I am trying to make a simple scatterplot with Matplotlib. I am passing an Numpy array for x and another one for y:
df = df.to_numpy() # this was originally a pandas DataFrame
print(df)
plt.scatter(df[:,1], df[:,2])
plt.show()
The print outputs:
[['B' '-693.3127738066283' '19.14412552031358']
['B' '-1633.974496310751' '40.13395450795514']
['B' '-2010.8973373308845' '-37.64969595561755']
...
['R' '-1034.7669874549774' '-76.93110447814361']
['R' '745.6579736997674' '-51.74835753276244']
['R' '-1473.8940519681794' '-28.58246870754514']]

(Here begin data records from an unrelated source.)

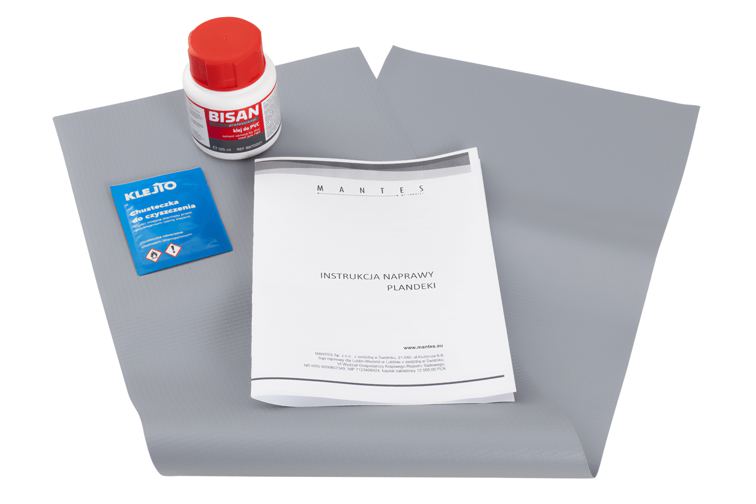 Le kit de réparation MANTES contient tout le nécessaire pour réparer efficacement une bâche endommagée : un matériau de bâche de 220x860 mm d'un grammage de 500 g/m², 125 ml de colle PVC BISAN avec un pinceau pratique pour une application précise, une lingette alcoolisée pour nettoyer soigneusement la surface avant le collage et des instructions claires qui vous guident étape par étape dans le processus de réparation, assurant une connexion durable et solide.
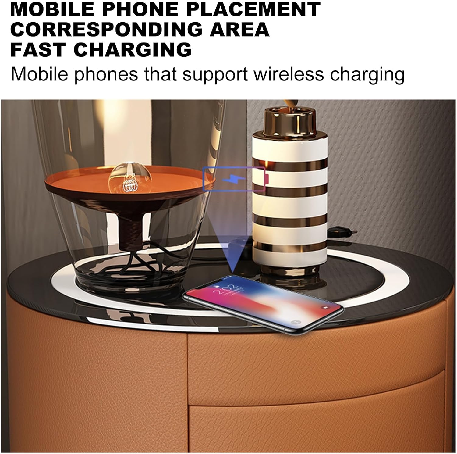 【Wireless Charging Station】The bedside cabinet locker has a wireless charging function. Put the device with the built-in wireless charging function in the designated area in the middle, and you no longer have to be limited by the trouble of charging cables. Allows you to easily charge
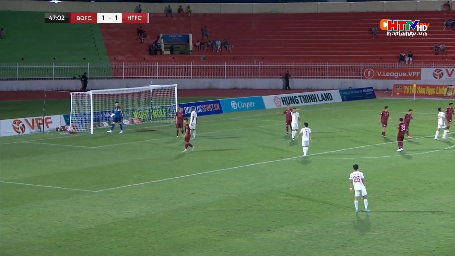 Phút 15, trung vệ Janclesio truy cản trái phép với tiền đạo Hà Đức Chinh trong vòng cấm, đội chủ nhà được hưởng phạt đền. Trên chấm 11m, Hà Đức Chinh sút phạt thành công gỡ hòa cho đội chủ nhà.
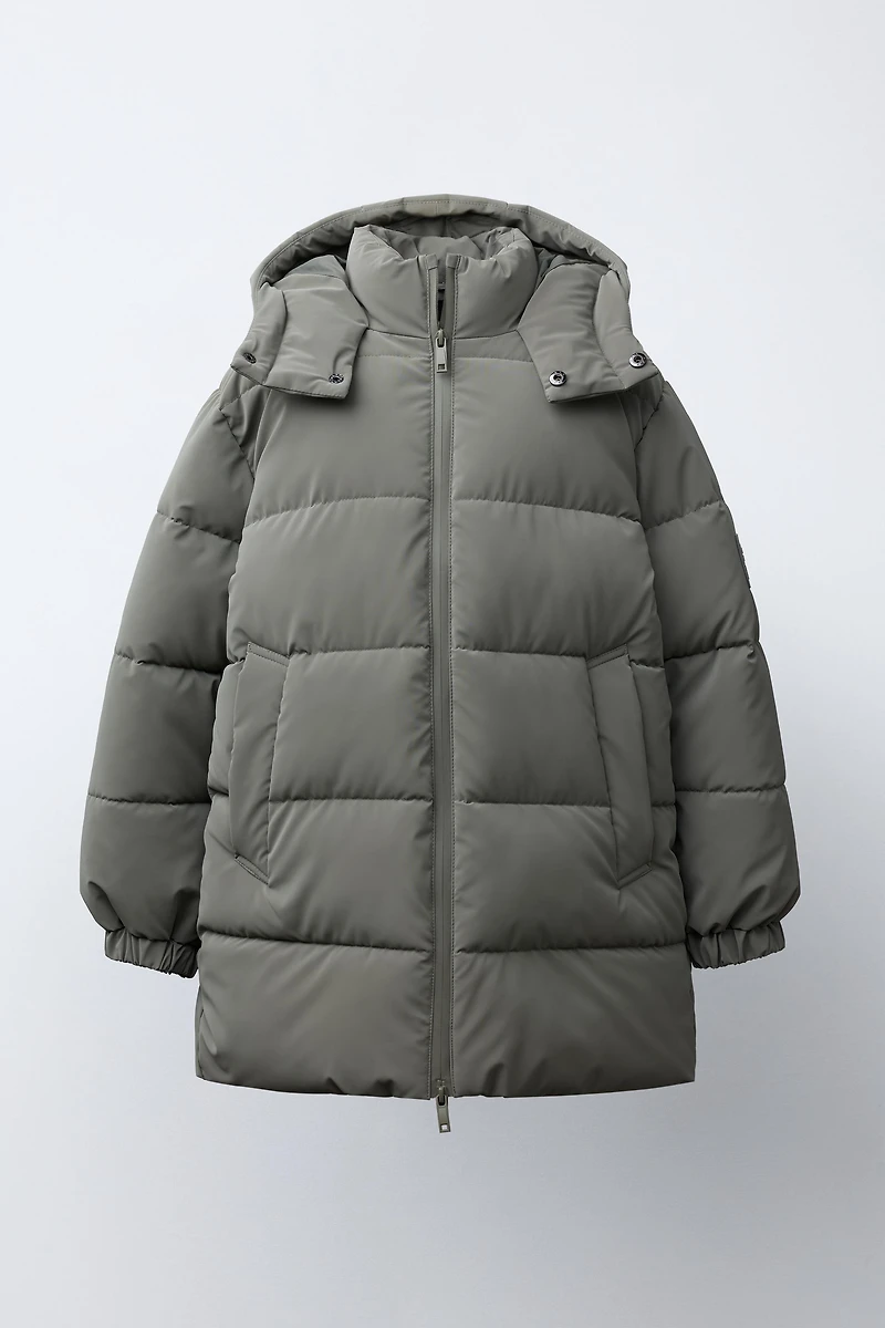 Manteau long avec capuche, col montant avec fermeture par boutons-pression et manches longues avec poignets élastiques. Fermeture avec zip thermosoudé avec double ouverture frontale. Poches avec détail passepoilé, fermeture avec boutons-pression et doublure intérieure en tissu polaire. Étiquette gommée appliquée sur la manche.

However, the plot outputs this:
To give a better view of what's happening, if I plot only the first three datapoints it looks like this:
So the x- and y- coordinates are being "plotted", but the axes have no meaningful scale or value. Why is this happening, and how can I make a regular scatterplot?
CodePudding user response:
As you can see from your prints, df
contains only strings. matplotlib
has no idea what to do with them.
Change:
plt.scatter(df[:,1], df[:,2])
With:
plt.scatter(df[:,1].astype(float), df[:,2].astype(float))
What it does is converting the arrays to numeric types with which matplotlib
knows how to deal. Of course, this is assuming the arrays contain strings representing valid numbers only.